**Your goal**
Reproduce nothing beyond the line containing "יש למשוך את הלשונית 1 ולהטות את משענת הגב B.". From the first line of the data below down to it, copy each line exactly, without the pictures.

Segment Start: Provided material

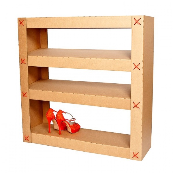 Представленная конструкция способна выдерживать большой вес, невзирая на то, что картон достаточно гибкий материал. Для ее изготовления желательно применять коробки от бытовой техники. В зависимости от высоты и ширины, берут необходимое количество коробок. Крепится конструкция на клей, скотч, степлером или иным способом. Готовую полку можно декорировать, как подскажет фантазия. Есть один недостаток – такая полочка пригодна лишь для летней обуви.
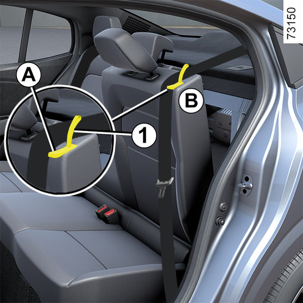 יש למשוך את הלשונית 1 ולהטות את משענת הגב B.
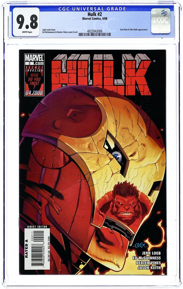 Ends Dec 8 8:35 PM CST Bid History 4 bids Current Bid $16 Your Secret Max Bid If you'd like to bid, please log in or register. First Printing. Written by JEPH LOEB Pencils & Cover by ED MCGUINNESS. Who is The Red Hulk? Part II. After last issue's shocking murder, there's evidence on the S.H.I.E.L.D. Helicarrier that will bring down the killer. So...The Hulk is going after it - and might bring down the Helicarrier instead! The one person standing in the Hulk's path - Iron Man! Also, the return of the LAST person you ever expected to see! Game on! Cover price $2.99. Grade: CGC 9.8 explanation of grade Condition: Used (collectible)
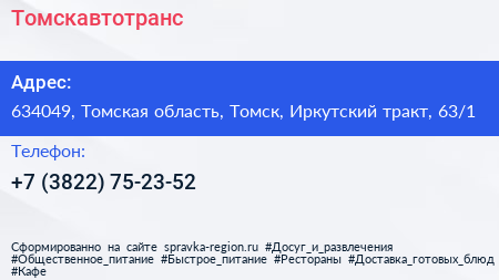 Томскавтотранс по адресу 634049, Томская область, Томск, Иркутский тракт, 63/1 в дальнейшем Организация, размещена в следующих категориях:
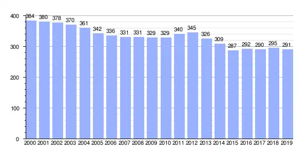 | Gráfica de evolución demográfica de Tarás (parroquia) entre 2000 y 2019 |
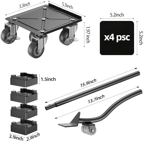 Furniture Dolly Movers: Upgraded version of large panel furniture cart set, including four 5.4 x 5.4-inch 5-wheel carts, 1 pry bar with lock, 4 heightening spacers, 4 flannel anti-slip pads, 1 pair of safety gloves, 1 drawstring storage bag. High quality, no deformation: The heavy-duty cart is made of thickened carbon steel, not easy to deform, reinforced steel base, widened and thickened silent rubber wheels, flexible to move, does not damage the floor, longer carbon steel pry bar can save Physical strength to lift objects easily. Easy to use: Use a crowbar to lift the legs of the furniture. If you need to raise the height, you can raise the cushion pad, then place the mobile cart at the bottom of the furniture and lock the universal wheels. Repeat the above operation to move the four furniture moving wheels. Place it under the furniture, then turn on the universal wheel brake, and you can easily move furniture and other heavy objects without the help of others. New Upgraded Design: The wheeled furniture trolley adopts a larger load-bearing plate and a fifth wheel in the center to increase the load-bearing capacity; L-shaped rib design is not easy to slip during transportation and is equipped with two lock switches , can be fixed at any time, and the anti-pressure handle hook can effectively protect your fingers. Wide range of uses: Furniture carts can be used in homes, companies, parties and other occasions where heavy furniture or appliances (such as refrigerators, washing machines, dryers, toasters, dishwashers, cabinets, stereos, printers, etc.) need to be moved . Other large and heavy objects.
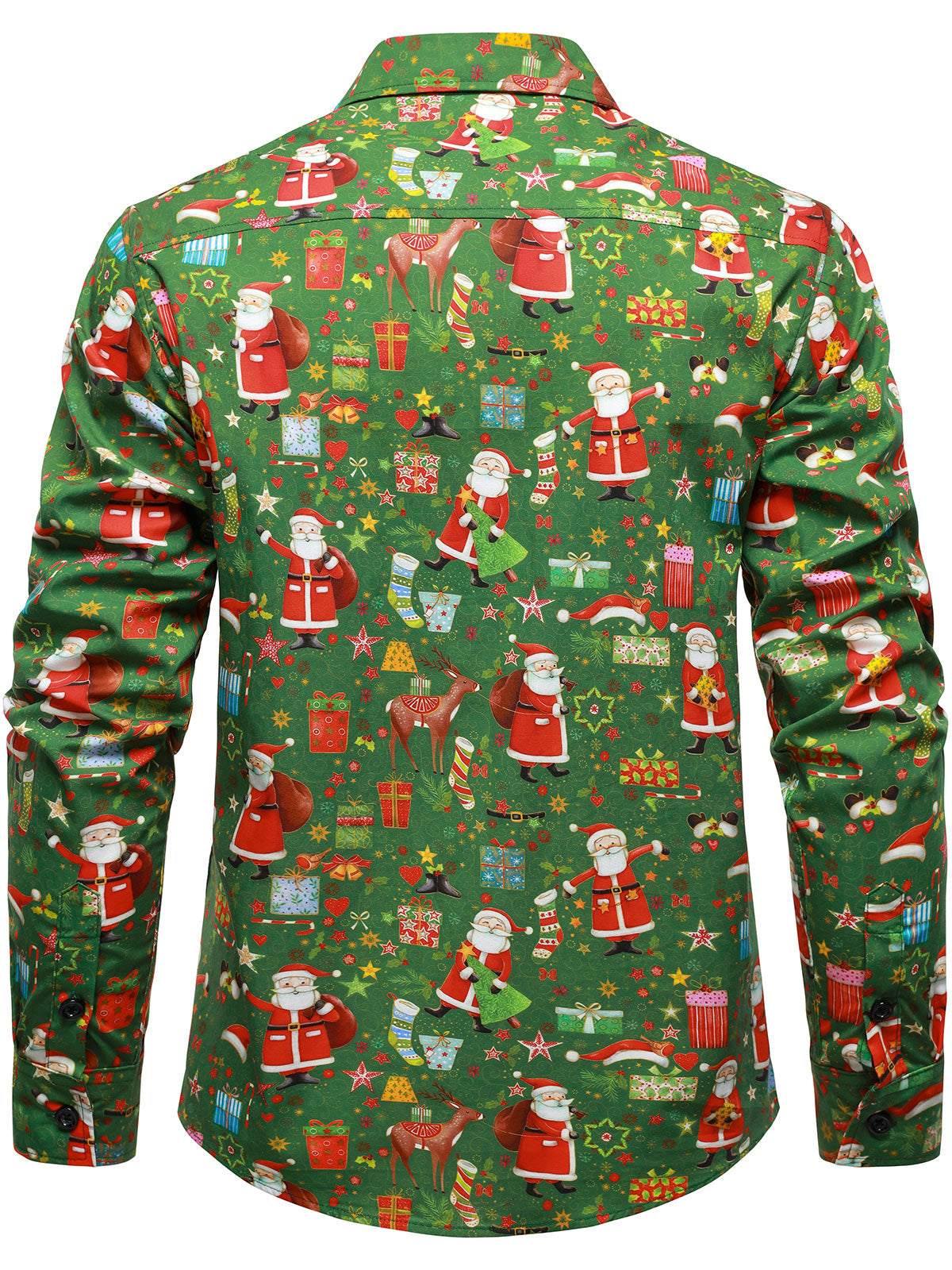 Chemise à manches longues boutonnée pour homme, motif Père Noël festif, idéale pour les fêtes de fin d'année

Segment End: Provided material

**Your solution**
 Представленная конструкция способна выдерживать большой вес, невзирая на то, что картон достаточно гибкий материал. Для ее изготовления желательно применять коробки от бытовой техники. В зависимости от высоты и ширины, берут необходимое количество коробок. Крепится конструкция на клей, скотч, степлером или иным способом. Готовую полку можно декорировать, как подскажет фантазия. Есть один недостаток – такая полочка пригодна лишь для летней обуви.
 יש למשוך את הלשונית 1 ולהטות את משענת הגב B.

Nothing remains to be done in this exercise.